A Scottish Nationalist?


----------



## Adelio Altomar (Apr 18, 2010)

I've always hated my name. It sounds soooo generic and I was named after my mother, and I have a strong stance against naming a someone after their family member, NO MATTER what the retarded reason is.

Get some originality, dingus.  



RohanDaKitty said:


> I like my name, 'Rohan' though all to often I get, "Were your parents big LOTR fans?" Which is irritating a little, but nothing major. Other than that, it's pronounciation. Some people call me "Ro-HAN" Han sounding like Han Solo. Sounds awful.
> 
> Middle name's 'Leslie' Which I don't care for at all.



I think the Han Solo pronunciation sounds pretty in my opinion, sort of like the 'a' pronounced in Spanish. Or are you talking about a different 'a' sound?


----------



## Yrr (Apr 18, 2010)

My surname backwards translates through slang as "yiff-dog".

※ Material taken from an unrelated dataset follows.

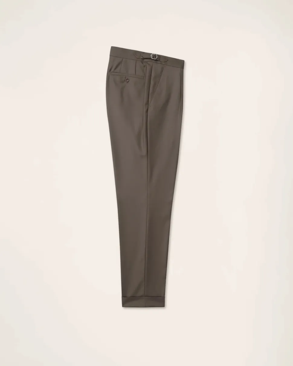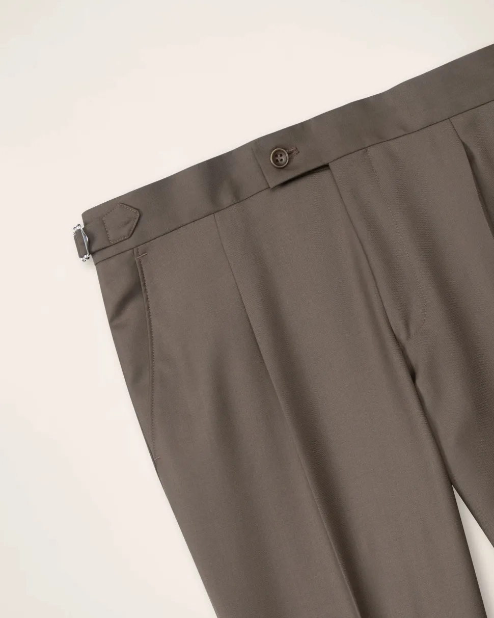 Näyttävät ruskeat puvunhousut ylellisellä Vitale Barberis Canonicon villakankaalla. Slim fit -leikkaukseen tehty, joka värinsä puolesta sointuu luontevasti kaikkiin kevään ja kesän juhlallisuuksiin. Housuissa sivukiristimet, upslaakit ja vekit vyötärökaitaleella.

Naturally I want to kill myself.


----------



## CerbrusNL (Apr 18, 2010)

Yrr said:


> My surname backwards translates through slang as "yiff-dog".
> 
> Naturally I want to kill myself.


Godfrey?


----------



## WolvesSoulZ (Apr 18, 2010)

I like my name. Tho my last names make it an easy joke for "Alex you're a moron" but in french. (I'm in Quebec afterall)


----------



## Bambi (Apr 18, 2010)

I like my name, but I'd never share it with anyone online. 

Let's just say it's biblical.


----------



## Ohko (Apr 18, 2010)

First Name: Alexander
Middle Name: James
Last Name: I'm Polish, just type some random shit and you'll probably come close.

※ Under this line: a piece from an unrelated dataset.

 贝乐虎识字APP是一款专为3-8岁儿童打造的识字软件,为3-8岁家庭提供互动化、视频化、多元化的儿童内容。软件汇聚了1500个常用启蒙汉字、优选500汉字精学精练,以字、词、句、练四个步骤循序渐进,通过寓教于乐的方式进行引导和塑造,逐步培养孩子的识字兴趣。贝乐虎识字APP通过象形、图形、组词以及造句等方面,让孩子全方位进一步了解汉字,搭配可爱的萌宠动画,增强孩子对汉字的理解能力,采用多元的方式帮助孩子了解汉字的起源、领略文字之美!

Both my parents are hippies, so I was almost named Zaigg (not even pronounced how it's spelled. Pronounce it "ah-I-g") But I can thank my Grandparents for saving me.

Do I hate my name? No, I don't really care about my name as long as I know you are referring to me. No one really even calls me Alexander though. I'm either Alex, A.J. or Age. I guess since I'm not called Alexander, I haven't grown to despise it.


----------



## Mr Owl (Apr 18, 2010)

VivaLaPh!va said:


> I want to legally change my name to Jesse.  For a few reasons...;3



My name is Jesse....


----------



## coolkidex (Apr 20, 2010)

My name is Matt White... Imagine the torment because i happen to be white. :/


But i'm getting married soon, soooo... That wont be for long. Kthanx!


----------



## Bloodshot_Eyes (Apr 20, 2010)

Teto said:


> Don't hate it. I'd just prefer something that didn't end with the ee sound.

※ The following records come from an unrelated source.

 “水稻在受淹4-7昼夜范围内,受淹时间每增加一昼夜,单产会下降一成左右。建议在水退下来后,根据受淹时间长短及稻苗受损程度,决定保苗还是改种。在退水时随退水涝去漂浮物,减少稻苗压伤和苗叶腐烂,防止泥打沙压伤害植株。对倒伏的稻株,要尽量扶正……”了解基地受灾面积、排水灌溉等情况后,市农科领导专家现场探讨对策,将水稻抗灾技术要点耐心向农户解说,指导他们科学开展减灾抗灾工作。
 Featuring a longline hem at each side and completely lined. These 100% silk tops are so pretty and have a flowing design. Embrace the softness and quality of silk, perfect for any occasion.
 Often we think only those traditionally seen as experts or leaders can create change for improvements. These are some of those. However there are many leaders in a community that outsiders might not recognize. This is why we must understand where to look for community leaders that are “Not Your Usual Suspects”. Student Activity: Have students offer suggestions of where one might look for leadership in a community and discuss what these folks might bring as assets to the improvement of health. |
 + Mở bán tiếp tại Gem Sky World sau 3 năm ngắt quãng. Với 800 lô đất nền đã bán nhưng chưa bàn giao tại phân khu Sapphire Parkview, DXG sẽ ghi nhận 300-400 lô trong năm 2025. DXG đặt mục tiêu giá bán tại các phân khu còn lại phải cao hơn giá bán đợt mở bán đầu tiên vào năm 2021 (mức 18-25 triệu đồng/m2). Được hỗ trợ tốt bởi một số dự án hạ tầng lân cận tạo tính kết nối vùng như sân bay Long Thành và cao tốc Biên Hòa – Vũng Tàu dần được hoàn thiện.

I know how that is. I mean, how are you supposed to be intimidating when your name ends with an ee sound. >:[


----------



## Browder (Apr 20, 2010)

Bloodshot_Eyes said:


> I know how that is. I mean, how are you supposed to be intimidating when your name ends with an ee sound. >:[



...Carrie.


----------



## Bloodshot_Eyes (Apr 20, 2010)

Browder said:


> ...Carrie.



tl:dr


----------



## Fuzzy Alien (Apr 20, 2010)

coolkidex said:


> My name is Matt White... Imagine the torment because i happen to be white. :/



Be glad it isn't Rich White.


----------



## Telnac (Apr 20, 2010)

My first, middle and last names are all the same as very, very, very common first names.

WTF?

I hate my name because it's just... BORING!  Name me Bob Haltertop or Justin Meatpounder or something fun like that.  Not <grandfather #1's first name> <grandfather #2's first name> followed by <last name that sounds & spelled like a first name>


----------



## Foxy_Boy (Apr 20, 2010)

My first name is common, its a unisex name, could change that..... My middle name is a common middle name but it goes well with my first name so if I changed the first I'd do that too... Or not have one. & my last name is uncommon, there isn't any in the phone book (our number isn't listed) but I hate it cause it sounds like a word...

I could change my last name to Fraser but then it would sound like that shitty show I don't like.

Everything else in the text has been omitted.